> Work to be completed: Without the pictures, output the lines of the material from the very first through the one that holds "纯棉老粗布床单单件凉席夏季双人100全棉单人宿舍加厚被单三件套".

╭─ Task data

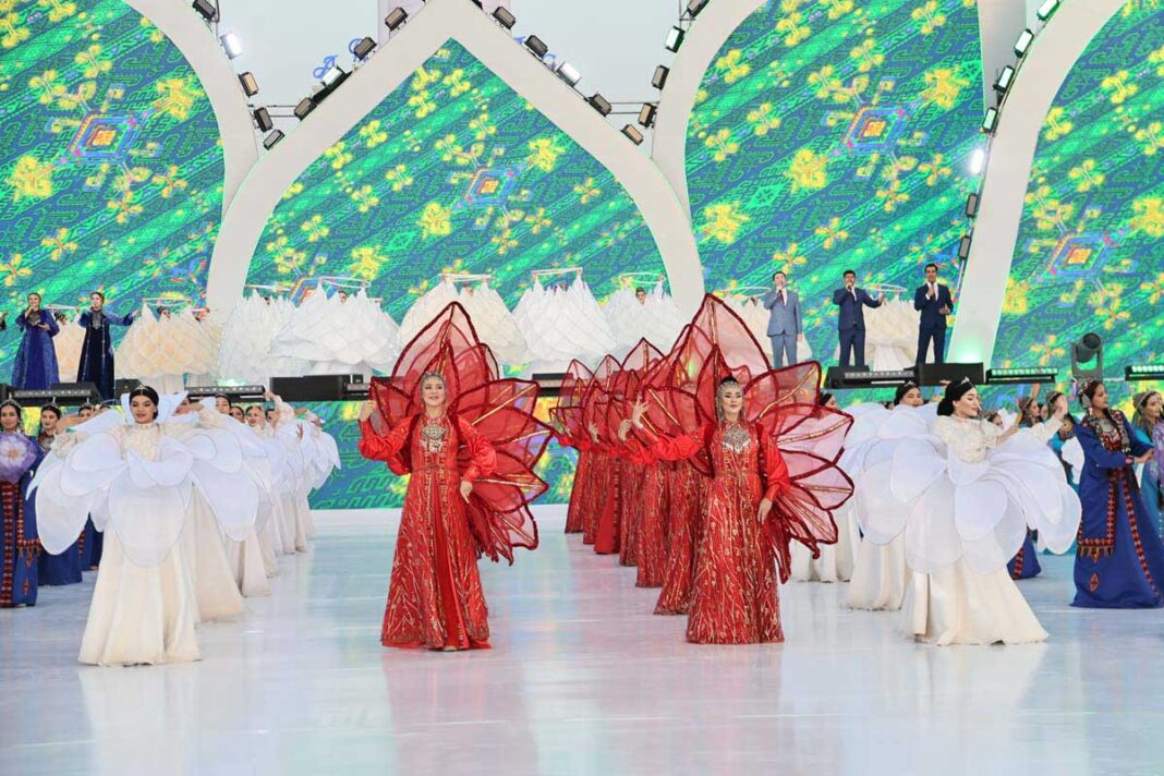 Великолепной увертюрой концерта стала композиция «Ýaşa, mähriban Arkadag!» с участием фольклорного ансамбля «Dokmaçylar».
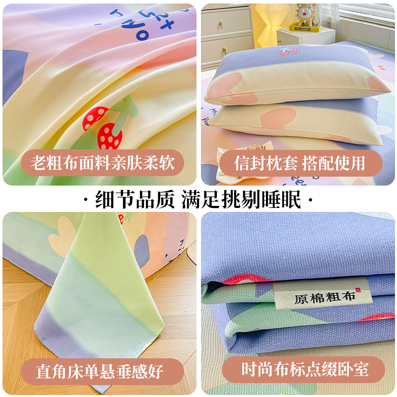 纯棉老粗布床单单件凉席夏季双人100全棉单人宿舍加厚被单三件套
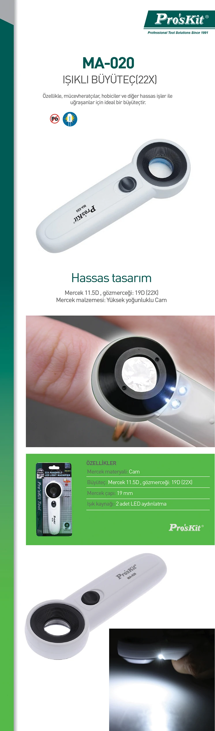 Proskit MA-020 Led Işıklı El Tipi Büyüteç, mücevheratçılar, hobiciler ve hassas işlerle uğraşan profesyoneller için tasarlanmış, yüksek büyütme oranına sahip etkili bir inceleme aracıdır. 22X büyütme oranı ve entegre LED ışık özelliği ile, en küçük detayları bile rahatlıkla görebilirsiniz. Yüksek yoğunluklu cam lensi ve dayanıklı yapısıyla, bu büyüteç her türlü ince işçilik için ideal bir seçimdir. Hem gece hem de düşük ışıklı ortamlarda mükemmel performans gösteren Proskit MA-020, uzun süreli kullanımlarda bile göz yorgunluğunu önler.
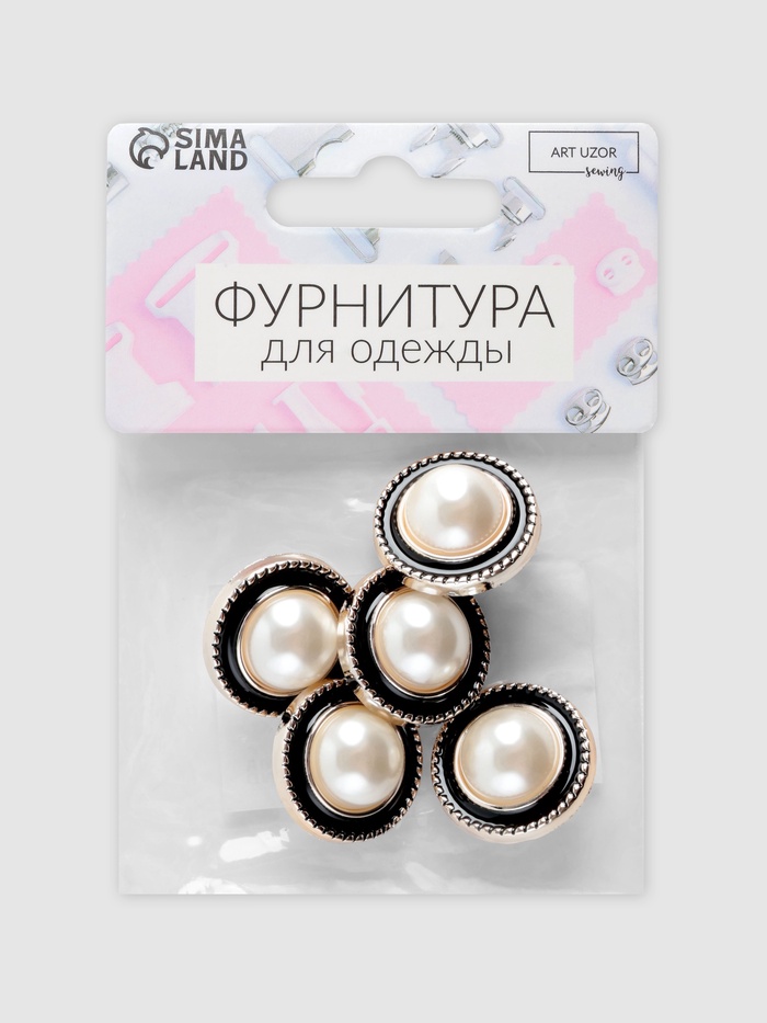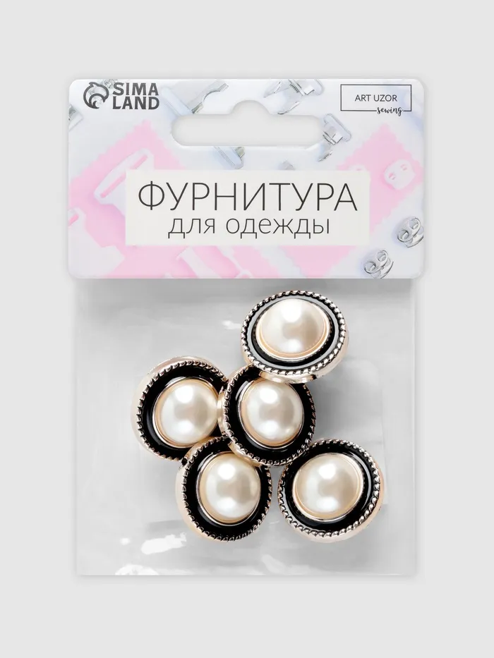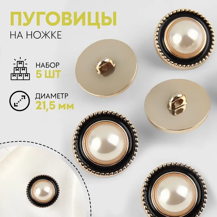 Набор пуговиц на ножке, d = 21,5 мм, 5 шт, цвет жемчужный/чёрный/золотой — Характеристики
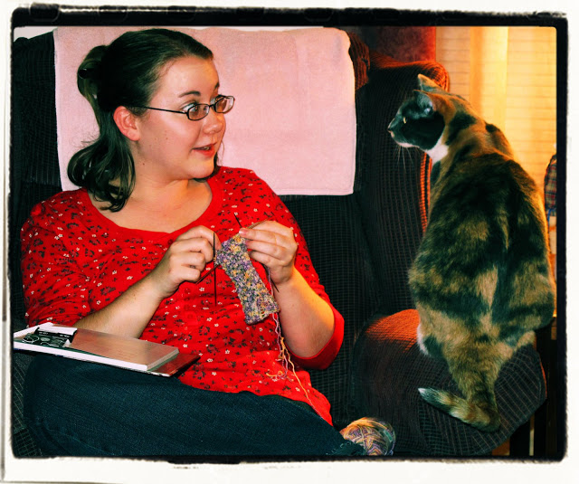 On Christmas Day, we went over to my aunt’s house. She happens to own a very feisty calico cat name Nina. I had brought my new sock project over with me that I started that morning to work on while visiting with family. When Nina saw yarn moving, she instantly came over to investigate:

╰─

> Result of the task:
 Великолепной увертюрой концерта стала композиция «Ýaşa, mähriban Arkadag!» с участием фольклорного ансамбля «Dokmaçylar».
 纯棉老粗布床单单件凉席夏季双人100全棉单人宿舍加厚被单三件套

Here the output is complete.